**Your goal:** Please take the records that follow and repeat exactly the lines starting with the line with "قلت: بل الظاهر" and going on through the line with "Pair of golden".

**Records supplied:**
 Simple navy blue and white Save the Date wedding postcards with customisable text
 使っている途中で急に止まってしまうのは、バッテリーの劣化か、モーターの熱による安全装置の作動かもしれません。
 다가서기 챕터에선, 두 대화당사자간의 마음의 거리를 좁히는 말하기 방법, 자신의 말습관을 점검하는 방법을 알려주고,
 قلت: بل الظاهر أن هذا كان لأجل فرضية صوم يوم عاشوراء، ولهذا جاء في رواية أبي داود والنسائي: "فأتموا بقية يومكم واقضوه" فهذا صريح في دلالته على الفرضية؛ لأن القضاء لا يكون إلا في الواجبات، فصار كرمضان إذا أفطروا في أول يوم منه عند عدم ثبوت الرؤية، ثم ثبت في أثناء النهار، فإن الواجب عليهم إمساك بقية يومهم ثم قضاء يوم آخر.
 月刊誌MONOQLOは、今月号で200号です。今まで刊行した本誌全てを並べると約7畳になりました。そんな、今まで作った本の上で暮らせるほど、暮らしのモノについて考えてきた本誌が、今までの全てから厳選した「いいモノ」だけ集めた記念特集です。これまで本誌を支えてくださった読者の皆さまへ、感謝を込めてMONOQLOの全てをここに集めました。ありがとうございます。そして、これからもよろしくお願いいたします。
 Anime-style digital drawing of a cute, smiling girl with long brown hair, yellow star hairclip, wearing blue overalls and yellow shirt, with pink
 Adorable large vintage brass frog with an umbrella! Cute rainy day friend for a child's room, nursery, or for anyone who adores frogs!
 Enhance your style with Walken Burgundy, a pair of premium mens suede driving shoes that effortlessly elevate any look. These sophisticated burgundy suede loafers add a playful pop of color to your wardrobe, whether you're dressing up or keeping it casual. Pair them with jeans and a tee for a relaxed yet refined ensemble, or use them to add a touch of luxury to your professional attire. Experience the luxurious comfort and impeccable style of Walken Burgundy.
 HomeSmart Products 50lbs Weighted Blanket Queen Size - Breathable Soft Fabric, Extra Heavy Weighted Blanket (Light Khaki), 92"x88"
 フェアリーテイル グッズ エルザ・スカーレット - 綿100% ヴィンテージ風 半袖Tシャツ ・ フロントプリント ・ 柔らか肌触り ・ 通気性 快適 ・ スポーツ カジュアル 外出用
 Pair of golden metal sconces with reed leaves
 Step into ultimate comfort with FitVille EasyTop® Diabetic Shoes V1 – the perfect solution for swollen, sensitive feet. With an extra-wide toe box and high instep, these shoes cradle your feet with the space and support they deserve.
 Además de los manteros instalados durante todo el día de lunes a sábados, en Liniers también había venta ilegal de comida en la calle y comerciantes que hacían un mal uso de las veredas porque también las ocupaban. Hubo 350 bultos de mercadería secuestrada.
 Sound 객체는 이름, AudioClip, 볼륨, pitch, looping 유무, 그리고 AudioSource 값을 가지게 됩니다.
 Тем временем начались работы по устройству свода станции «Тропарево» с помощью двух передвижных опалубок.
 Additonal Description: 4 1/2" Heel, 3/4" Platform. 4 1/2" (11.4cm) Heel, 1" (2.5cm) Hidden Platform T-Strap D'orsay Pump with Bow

**Answer to the exercise:**
 قلت: بل الظاهر أن هذا كان لأجل فرضية صوم يوم عاشوراء، ولهذا جاء في رواية أبي داود والنسائي: "فأتموا بقية يومكم واقضوه" فهذا صريح في دلالته على الفرضية؛ لأن القضاء لا يكون إلا في الواجبات، فصار كرمضان إذا أفطروا في أول يوم منه عند عدم ثبوت الرؤية، ثم ثبت في أثناء النهار، فإن الواجب عليهم إمساك بقية يومهم ثم قضاء يوم آخر.
 月刊誌MONOQLOは、今月号で200号です。今まで刊行した本誌全てを並べると約7畳になりました。そんな、今まで作った本の上で暮らせるほど、暮らしのモノについて考えてきた本誌が、今までの全てから厳選した「いいモノ」だけ集めた記念特集です。これまで本誌を支えてくださった読者の皆さまへ、感謝を込めてMONOQLOの全てをここに集めました。ありがとうございます。そして、これからもよろしくお願いいたします。
 Anime-style digital drawing of a cute, smiling girl with long brown hair, yellow star hairclip, wearing blue overalls and yellow shirt, with pink
 Adorable large vintage brass frog with an umbrella! Cute rainy day friend for a child's room, nursery, or for anyone who adores frogs!
 Enhance your style with Walken Burgundy, a pair of premium mens suede driving shoes that effortlessly elevate any look. These sophisticated burgundy suede loafers add a playful pop of color to your wardrobe, whether you're dressing up or keeping it casual. Pair them with jeans and a tee for a relaxed yet refined ensemble, or use them to add a touch of luxury to your professional attire. Experience the luxurious comfort and impeccable style of Walken Burgundy.
 HomeSmart Products 50lbs Weighted Blanket Queen Size - Breathable Soft Fabric, Extra Heavy Weighted Blanket (Light Khaki), 92"x88"
 フェアリーテイル グッズ エルザ・スカーレット - 綿100% ヴィンテージ風 半袖Tシャツ ・ フロントプリント ・ 柔らか肌触り ・ 通気性 快適 ・ スポーツ カジュアル 外出用
 Pair of golden metal sconces with reed leaves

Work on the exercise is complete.